* Supplied information *
Content starts

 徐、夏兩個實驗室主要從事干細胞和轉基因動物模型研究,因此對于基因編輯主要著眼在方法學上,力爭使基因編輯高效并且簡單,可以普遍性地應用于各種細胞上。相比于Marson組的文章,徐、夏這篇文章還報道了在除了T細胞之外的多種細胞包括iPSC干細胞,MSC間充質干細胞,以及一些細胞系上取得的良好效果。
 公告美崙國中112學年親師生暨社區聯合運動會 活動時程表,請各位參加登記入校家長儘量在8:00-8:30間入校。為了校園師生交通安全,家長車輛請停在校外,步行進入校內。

Content ends
Content starts

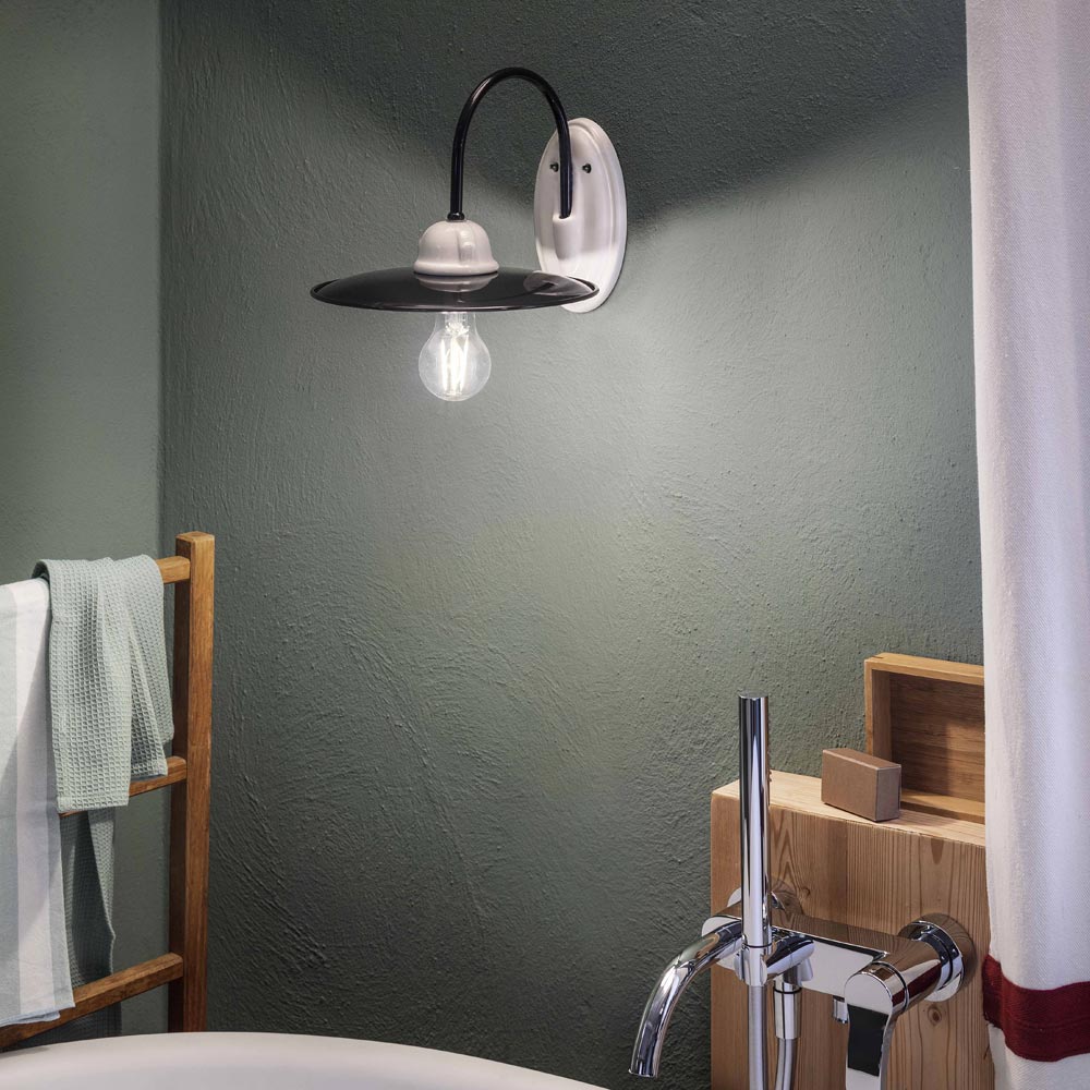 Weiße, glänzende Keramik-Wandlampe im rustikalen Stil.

Content ends
Content starts

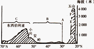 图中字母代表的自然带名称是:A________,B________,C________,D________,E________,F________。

Content ends

* Exercise aim *
Above are the entries. Quote exactly the lines from the one bearing "徐、夏兩個實驗室主要從事干細" through the one bearing "公告美崙國中112學年親師生".

* Your response *
 徐、夏兩個實驗室主要從事干細胞和轉基因動物模型研究,因此對于基因編輯主要著眼在方法學上,力爭使基因編輯高效并且簡單,可以普遍性地應用于各種細胞上。相比于Marson組的文章,徐、夏這篇文章還報道了在除了T細胞之外的多種細胞包括iPSC干細胞,MSC間充質干細胞,以及一些細胞系上取得的良好效果。
 公告美崙國中112學年親師生暨社區聯合運動會 活動時程表,請各位參加登記入校家長儘量在8:00-8:30間入校。為了校園師生交通安全,家長車輛請停在校外,步行進入校內。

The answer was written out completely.